I recognise in our society the need for a judicial system, for police officers, magistrates, prison guards and probation workers.

But when we are discussing the criminal justice system, the starting point for those who call themselves Christians needs to be this – our first and primary identity is with the jailed, not the jailer.  As the founder of our movement said, “I was in prison and you came to visit me.”

 


Sam Hammond wants teachers to break the law

On Wednesday I received a letter from the school board informing me that our local elementary school would be closed due to ‘a day of political protest.’  (The Elementary Teacher’s Federation of Ontario clearly decided not to call it a ‘strike’, because they know they are no longer in a legal strike position.)  Yesterday, I received a phone call reiterating that the school would be closed.

After  making alternative plans for my children for today, I found out mid-morning that the schools ARE in fact open.  The Ontario Labour Relations Board has confirmed that ETFO’s actions were illegal, and the union was instructing its members to break the law.  The school board has announced that the schools are open, and apologized for the short notice, noting that the timing was beyond the school board’s control.

I am, at this point, disgusted by the actions of ETFO.  My children are fortunate enough to be taught by some incredibly motivated, engaging and talented teachers.  I have seen them time and time again demonstrate a devotion to their calling, and a passion for equipping the next generation of Canadians for adulthood.  And so I am deeply frustrated when they are ordered by their union to refrain from doing their jobs, and fulfilling the calling to which they have dedicated their lives.
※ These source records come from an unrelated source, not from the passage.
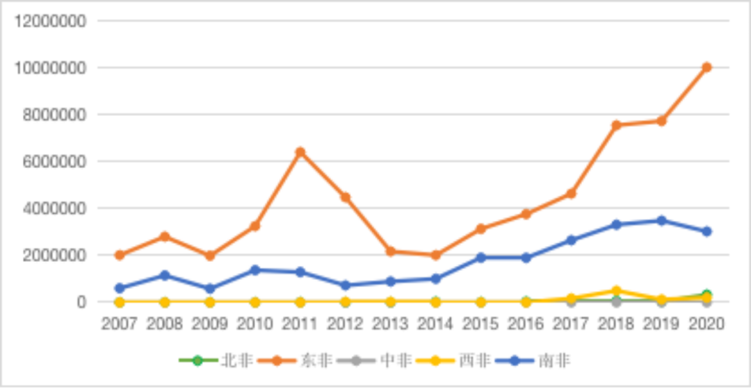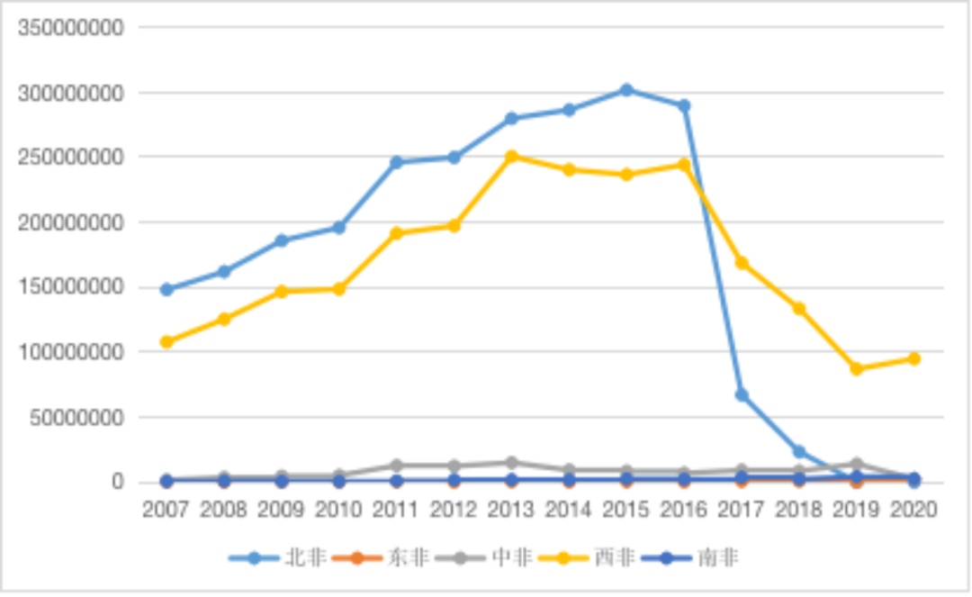 非洲共有54个国家,可以划分为5个地区,分别是非洲北部、非洲东部、非洲中部、非洲西部以及非洲南部。将非洲分为5个地区来分析从中国与非洲的茶叶双向贸易情况能够更加清晰地看出未来中非茶叶贸易的发展趋势。图 5 2007-2020年中国从非洲各地区进口茶叶贸易额(美元)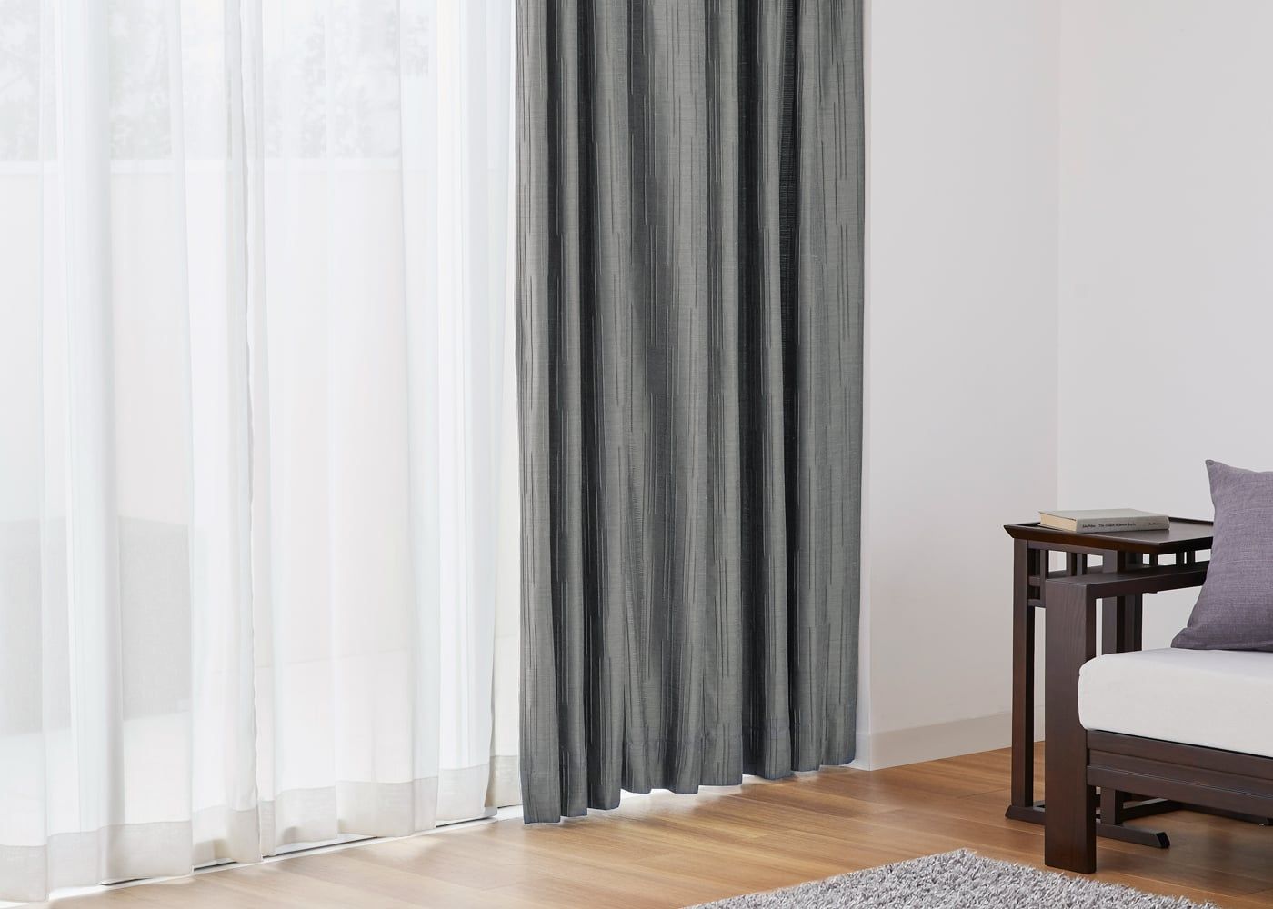 ランダムに走る縦ラインとタイシルクのような高級感に心惹かれるドレープカーテン アルコ。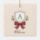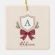 Custom Monogram Crest Bow Christmas Ceramic Ornament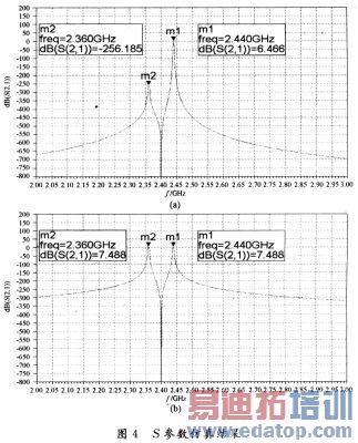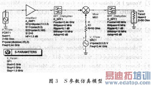 利用ADS软件对接收端进行S参数仿真,该仿真可以用于测量各个器件的S参数等。在本仿真中,可以看成是当2~3GHz,以1MHz为步长的各个频率分量通过该接收端时,接收端对各个频率分量的增益或衰减大小的仿真。仿真模型及仿真结果如图3,图4所示。

The person directly responsible for this is Sam Hammond, the president of ETFO.  He claims that the union is ‘standing up for democratic values’.  And yet he is encouraging teachers to directly break a law that was decided upon by a democratically elected, representative government and confirmed by an independent judiciary.

The mechanisms of democracy in Canada are still in place and functioning correctly.  Mr Hammond, though, is not presenting a role model to our children of a respectful, responsible citizen.